Portugal, Supreme Administrative Court, Decision, 16 January 2020

Member State
Portugal
Topic

Asylum and migration

Deciding Court Original Language

Supremo Tribunal Administrativo

Deciding Court English translation

Supreme Administrative Court

Registration N

02240/18.7BELSB

Date Decision

16 January 2020

ECLI (if available)

Not available

National Follow Up Of (when relevant)
Not available
EU legal sources and CJEU jurisprudence

Article 4 of the Charter of Fundamental Rights of the European Union (CFREU)


Judgment of 21.12.2011 [Joined Cases C-411/10 and C-493/10] of the Court of Justice of the European Union.  

ECtHR Jurisprudence
Not available
Subject Matter

Asylum and migration

Legal issue(s)

The legal issue revolves around whether or not the State examining an asylum application from an applicant who, despite having the nationality of a third State from which he has fled, comes from another State of the European Union which has provisionally received him, must ascertain, before deciding on the non-admissibility of the application, whether there are systemic failings in the asylum procedure and reception conditions of the State where the applicant has been provisionally received and whether such failings entail the risk of inhuman or degrading treatment.

Request for expedited/PPU procedures
Not available
Interim Relief
Not available
National Law Sources

Law No. 27/2008, of 30th June, which Establishes the conditions and procedures for granting asylum or subsidiary protection and the status of asylum seeker, refugee and subsidiary protection, transposing into national law Council Directives 2004/83/EC of 29 April 2004 and 2005/85/EC of 1 December 2005

Facts of the case

A non-Portuguese national was sleeping in the street and was approached by a police officer. After this approach, he informed the police officer that he was waiting for the opening of the Temporary Reception Centre there, in order to apply for political asylum. This applicant, prior to this event, had already been in Italy, where he had been denied political asylum.


On 23 July 2018 the applicant applied for international protection with the Asylum and Refugee Office of the Aliens and Borders Service in Lisbon – "SEF”. On 27 of that same month, the Portuguese authorities sent the Italian authorities a take back request, invoking Article 18(1)(b) of Regulation [EU] No 604/2013 of the European Parliament and of the Council of 26 June 2013 - better known as the Dublin Regulation. 


This Regulation sets out the criteria and mechanisms for determining the Member State responsible for examining an application for international protection lodged in one of the Member States by a third-country national or a stateless person, stipulating that only one Member State is responsible and the application is therefore subject to a special admissibility procedure.


This procedure provides that an application for international protection may be considered inadmissible if it is established, on the basis of objective data, evidence or clues, that a member-state – namely, Portugal - is not responsible for examining the application for international protection.

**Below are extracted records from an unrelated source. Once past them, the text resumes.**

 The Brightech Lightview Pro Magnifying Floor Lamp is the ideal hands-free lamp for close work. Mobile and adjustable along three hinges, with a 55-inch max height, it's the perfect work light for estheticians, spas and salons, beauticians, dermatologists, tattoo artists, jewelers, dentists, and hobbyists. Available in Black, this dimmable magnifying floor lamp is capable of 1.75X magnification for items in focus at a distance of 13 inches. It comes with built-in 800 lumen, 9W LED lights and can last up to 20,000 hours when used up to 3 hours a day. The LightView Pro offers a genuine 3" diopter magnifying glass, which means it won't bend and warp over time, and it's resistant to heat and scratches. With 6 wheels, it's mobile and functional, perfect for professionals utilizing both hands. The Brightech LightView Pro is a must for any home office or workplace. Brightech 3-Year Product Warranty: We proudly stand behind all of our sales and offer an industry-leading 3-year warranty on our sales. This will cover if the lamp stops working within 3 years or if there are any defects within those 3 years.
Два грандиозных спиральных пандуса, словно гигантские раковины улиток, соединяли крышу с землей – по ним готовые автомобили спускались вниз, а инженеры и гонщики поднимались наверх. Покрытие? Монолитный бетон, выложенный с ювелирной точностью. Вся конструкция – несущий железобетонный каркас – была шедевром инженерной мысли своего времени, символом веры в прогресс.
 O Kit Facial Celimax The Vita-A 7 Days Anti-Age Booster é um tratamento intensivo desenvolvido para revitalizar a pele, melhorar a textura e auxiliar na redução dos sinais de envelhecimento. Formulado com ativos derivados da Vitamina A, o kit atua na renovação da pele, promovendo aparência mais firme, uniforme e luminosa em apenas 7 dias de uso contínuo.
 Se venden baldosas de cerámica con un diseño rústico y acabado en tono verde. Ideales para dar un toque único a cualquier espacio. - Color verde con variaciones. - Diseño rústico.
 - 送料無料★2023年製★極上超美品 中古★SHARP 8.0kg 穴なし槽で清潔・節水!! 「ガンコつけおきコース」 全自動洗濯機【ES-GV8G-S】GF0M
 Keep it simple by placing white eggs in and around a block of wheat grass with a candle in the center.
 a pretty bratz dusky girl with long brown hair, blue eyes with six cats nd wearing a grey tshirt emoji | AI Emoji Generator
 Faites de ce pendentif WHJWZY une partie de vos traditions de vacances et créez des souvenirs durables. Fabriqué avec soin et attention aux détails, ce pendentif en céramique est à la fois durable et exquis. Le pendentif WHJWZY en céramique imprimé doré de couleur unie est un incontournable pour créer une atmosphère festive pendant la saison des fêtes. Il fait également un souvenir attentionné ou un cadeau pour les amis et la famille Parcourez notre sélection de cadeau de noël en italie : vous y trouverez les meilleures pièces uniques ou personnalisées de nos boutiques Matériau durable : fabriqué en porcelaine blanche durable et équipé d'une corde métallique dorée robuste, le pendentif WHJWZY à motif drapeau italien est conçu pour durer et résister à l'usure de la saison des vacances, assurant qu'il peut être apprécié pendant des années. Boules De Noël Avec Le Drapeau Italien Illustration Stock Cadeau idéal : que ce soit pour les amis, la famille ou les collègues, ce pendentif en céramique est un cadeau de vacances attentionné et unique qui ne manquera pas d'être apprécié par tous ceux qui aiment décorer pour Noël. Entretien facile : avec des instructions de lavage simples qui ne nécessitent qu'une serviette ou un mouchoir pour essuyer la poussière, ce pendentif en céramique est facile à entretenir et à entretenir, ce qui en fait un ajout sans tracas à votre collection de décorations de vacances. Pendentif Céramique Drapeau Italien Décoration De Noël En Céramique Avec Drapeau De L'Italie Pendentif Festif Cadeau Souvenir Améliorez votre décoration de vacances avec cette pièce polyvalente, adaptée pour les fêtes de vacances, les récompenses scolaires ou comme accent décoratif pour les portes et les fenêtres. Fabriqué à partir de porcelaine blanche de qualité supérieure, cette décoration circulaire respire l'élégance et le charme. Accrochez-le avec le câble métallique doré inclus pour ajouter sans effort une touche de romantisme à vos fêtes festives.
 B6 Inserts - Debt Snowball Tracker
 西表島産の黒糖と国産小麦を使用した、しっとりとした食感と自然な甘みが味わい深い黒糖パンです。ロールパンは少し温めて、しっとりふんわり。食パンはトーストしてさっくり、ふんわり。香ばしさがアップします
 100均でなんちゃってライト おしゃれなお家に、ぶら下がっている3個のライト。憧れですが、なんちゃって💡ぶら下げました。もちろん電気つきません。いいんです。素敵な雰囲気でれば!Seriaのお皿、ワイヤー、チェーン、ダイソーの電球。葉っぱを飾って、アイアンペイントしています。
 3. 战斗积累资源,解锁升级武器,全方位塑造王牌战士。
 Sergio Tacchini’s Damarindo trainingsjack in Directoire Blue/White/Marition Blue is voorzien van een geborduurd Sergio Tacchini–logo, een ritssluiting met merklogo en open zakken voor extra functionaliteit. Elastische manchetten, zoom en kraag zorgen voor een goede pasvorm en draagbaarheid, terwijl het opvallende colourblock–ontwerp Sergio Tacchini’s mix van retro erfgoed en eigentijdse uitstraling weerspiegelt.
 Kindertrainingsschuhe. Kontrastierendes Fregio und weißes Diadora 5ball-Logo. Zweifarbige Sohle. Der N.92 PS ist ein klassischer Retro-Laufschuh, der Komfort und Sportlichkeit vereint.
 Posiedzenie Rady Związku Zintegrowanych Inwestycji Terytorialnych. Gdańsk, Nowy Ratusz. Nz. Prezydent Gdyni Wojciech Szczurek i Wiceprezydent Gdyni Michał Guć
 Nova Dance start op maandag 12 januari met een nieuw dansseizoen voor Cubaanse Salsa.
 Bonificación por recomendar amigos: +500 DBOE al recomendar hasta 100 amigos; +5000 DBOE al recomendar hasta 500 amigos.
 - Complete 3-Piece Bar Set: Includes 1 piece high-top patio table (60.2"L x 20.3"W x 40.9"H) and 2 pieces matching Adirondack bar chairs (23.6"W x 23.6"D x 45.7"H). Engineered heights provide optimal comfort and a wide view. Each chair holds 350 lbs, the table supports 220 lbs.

Once the applicant had been interviewed, and as the Italian authorities had not replied to the request to take back the applicant, the Portuguese authorities decided that the application for international protection was inadmissible and considered that Italy agreed to take back the applicant for international protection. 


However, at the time of that decision there were a number of media reports indicating that Italy had tightened its policy on the reception of refugees, with the aim of substantially reducing the number of asylum seekers. This new policy, among other things, involved training Libyan coastguards to actively patrol the Libyan coast to intercept migrants who wanted to flee, and it was claimed that Italy was well aware of the degrading conditions in Libyan detention centres. 

At the same time, the same news also reported the existence of "improvised" refugee camps built on the border between Italy and France, the closure of which forced children living there to wander into nearby towns, often placing themselves in degrading, promiscuous and dangerous situations.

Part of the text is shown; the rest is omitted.